基于大型语言模型评估医生与聊天机器人的互动：使用 ChatGPT 对希腊医疗保健行业进行全国性研究的启示

在这个以人工智能为重点的时代，研究人员正在深入研究人工智能在医疗保健领域的应用，而 ChatGPT 则是其中的一个重点。这项希腊研究涉及来自不同地区的 182 名医生，使用的是与 ChatGPT 4.0 连接的定制网络应用程序。来自不同科室、具有不同经验水平的医生参与了 ChatGPT，ChatGPT 提供了量身定制的回复。在一个多月的时间里，我们使用 1-5 级评分表收集了数据。结果显示，医生对清晰度、响应时间、准确性和总体满意度这四项标准的满意度各不相同。ChatGPT 的响应速度获得了较高的评分（3.85/5.0），而信息清晰度则获得了中等评分（3.43/5.0）。一个重要的观察结果是医生的经验与他们对 ChatGPT 的满意度之间的相关性。经验丰富的医生（21 年以上）的满意度（2.80-3.74/5.0）低于经验不足的医生（3.43-4.20/5.0）。在医学领域层面，与其他领域相比，内科在评价标准方面的满意度较高（从 3.56 到 3.88 不等），而精神病学的总体评分较高，从 3.63 到 5.00 不等。研究还对两个科室进行了比较：与泌尿科相比，内科对所提供信息的准确性和清晰度、响应时间和整体满意度更高。这些研究结果阐明了卫生部门的特殊需求，并强调了 ChatGPT 在提供专业医疗信息方面的潜力和需要改进的地方。尽管目前还存在一些局限性，但 ChatGPT 目前的版本为医疗界提供了宝贵的资源，预示着它将进一步发展并有可能融入医疗实践。

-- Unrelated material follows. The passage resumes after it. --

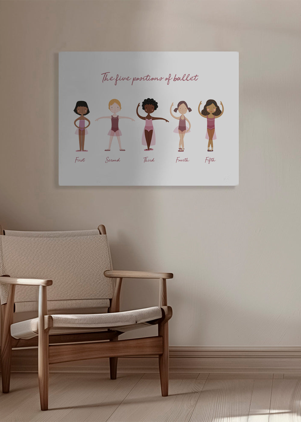Tableau pour chambre d'enfants Las 5 posiciones de ballet (lila)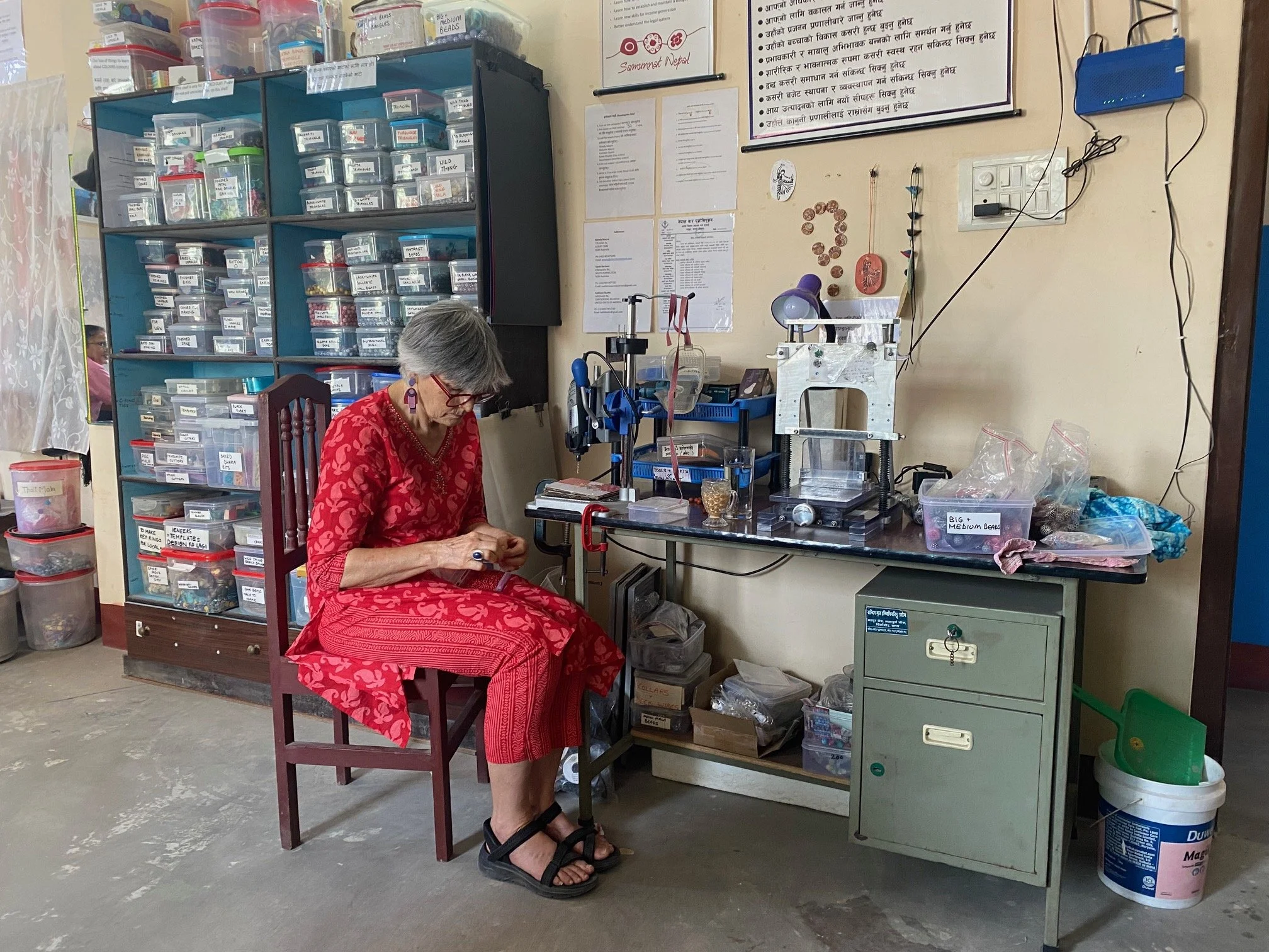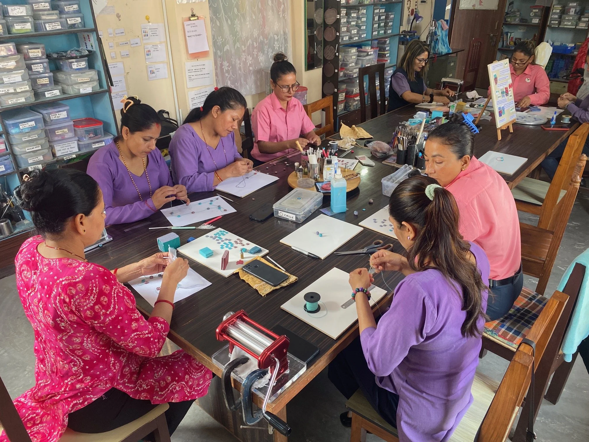 Wendy Moore’s influence lies very close to Kopila’s – and I’m not biased! When Kopila asked her to teach the organisation about polymer jewellery in 2006 Wendy was reluctant – but she visited to see what might be possible. Twenty years later she is no longer just a teacher and mentor but a dear friend and sister to Kopila. In fact, she has many friends and sisters across the whole organisation. Wendy lives with Kopila when she visits, twice every year, and they talk many times every week when she is back in Australia.

本文章由计算机程序翻译，如有差异，请以英文原文为准。

求助全文

约1分钟内获得全文去求助

来源期刊

Computers in Human Behavior Multiple-

CiteScore

19.10

自引率

4.00%

发文量

381

审稿时长

40 days

期刊介绍： Computers in Human Behavior is a scholarly journal that explores the psychological aspects of computer use. It covers original theoretical works, research reports, literature reviews, and software and book reviews. The journal examines both the use of computers in psychology, psychiatry, and related fields, and the psychological impact of computer use on individuals, groups, and society. Articles discuss topics such as professional practice, training, research, human development, learning, cognition, personality, and social interactions. It focuses on human interactions with computers, considering the computer as a medium through which human behaviors are shaped and expressed. Professionals interested in the psychological aspects of computer use will find this journal valuable, even with limited knowledge of computers.